My own extremely utilitarian take on the matter (I was trained as a film maker after all, not a film critic, and utilitarianism is in my blood) is that film can be thought of as the culmination of several “modules”:

-Plot, or as it’s often called, “story”; but story is what happens in a sort of “objective” sense, while plot is what happens in the movie, and in what order

-Dialogue

-Acting

-Editing

-Music

-Diegetic sound

-The bundle of lighting, focus, composition and camera movement that is typically referred to by the blanket term “cinematography” despite the fact that those four elements are all separable, and the result of work done by three people: the director, the cinematographer and the gaffer

Mise en scène, French for “whatever the hell you want it to mean”; the appearance of the space in which the film occurs

That’s eight things (did I miss any?), and any film can have one or five or all eight of them turn out very well or very poorly – I’d argue that those films we describe with words like “masterpiece” are generally those in which all eight are good individually, as well as working in concert with each other. But there is a marked tendency for most people to regard plot as the primary driving force behind whether a film is good or not, and that the other seven are fripperies – that good editing or good acting are simply bonuses in a movie that is already “good” in some outside sense. What I think Emerson is saying is that story/plot is just one element of the whole thing of film, and it needs to work with everything else to count as “good” on its own.

There’s an extra question: what do all those elements do for a film? My sense, and this is just a casual observation, ripe for later refinement, is that any narrative work of art is meant to impart a message or theme, suggest truths about human character, or instigate an emotion in the viewer. Obviously, most films do more than one of these things, but I’d suggest that theme-character-emotion is the “goal” of a film, and the eight elements are how that goal is achieved. Thinking critically about film isn’t really a matter of figuring out what a film is saying, but breaking down how it is saying.
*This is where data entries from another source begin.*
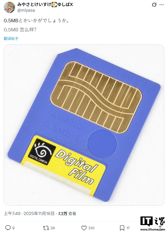 该活动由 @X68PRO-HD 于 11 月 15 日发起,参赛者竞逐各自能够找到的最小容量存储卡。最终胜出的,是一张仅有 0.5MB 容量的 SmartMedia 卡。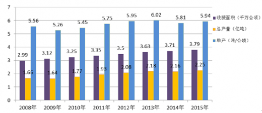 玉米生产的发展主要体现在种植面积的扩大,单产水平的提高,两相作用致使玉米总产量增长。根据美国农业部统计,2008年—2015年世界玉米的收获面积、总产量及单产情况如下: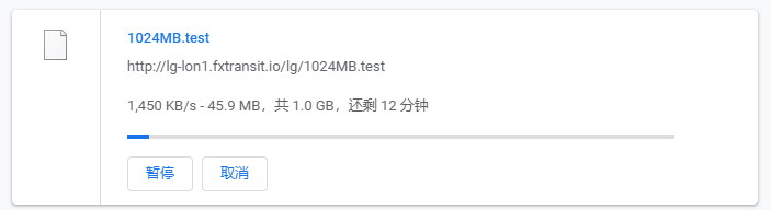 FxTransit速度测试:http://lg-lon1.fxtransit.io/lg/1024MB.test
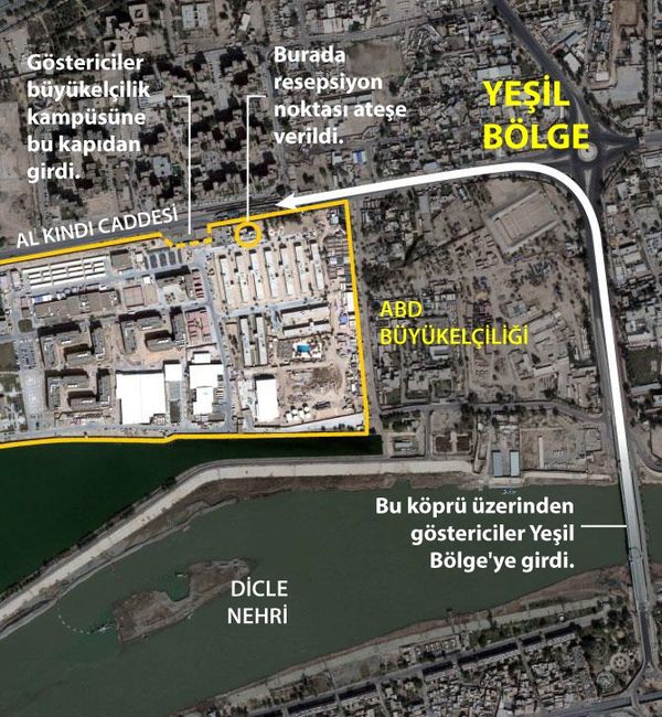 Yüzlerce Iraklı Şii militan ve destekçileri, Bağdat'taki ABD Büyükelçiliği'ne basarak, kampüsün bir kısmını ateşe verdi.

In other words, the “meaning” of a film has nothing to do with whether or not it’s “good” – a film is good if it imparts its meaning clearly through effective use of the language of cinema.

But I don’t mean to overreach: I’m here mostly to praise Emerson and his simple but effective attempt to knock the pegs out from under Story Above All. I should probably mention that, damn the publication stamp on this post (Blogger lets you pre-set publishing times now, very convenient), it’s very late and I’m very tired, and probably incoherent.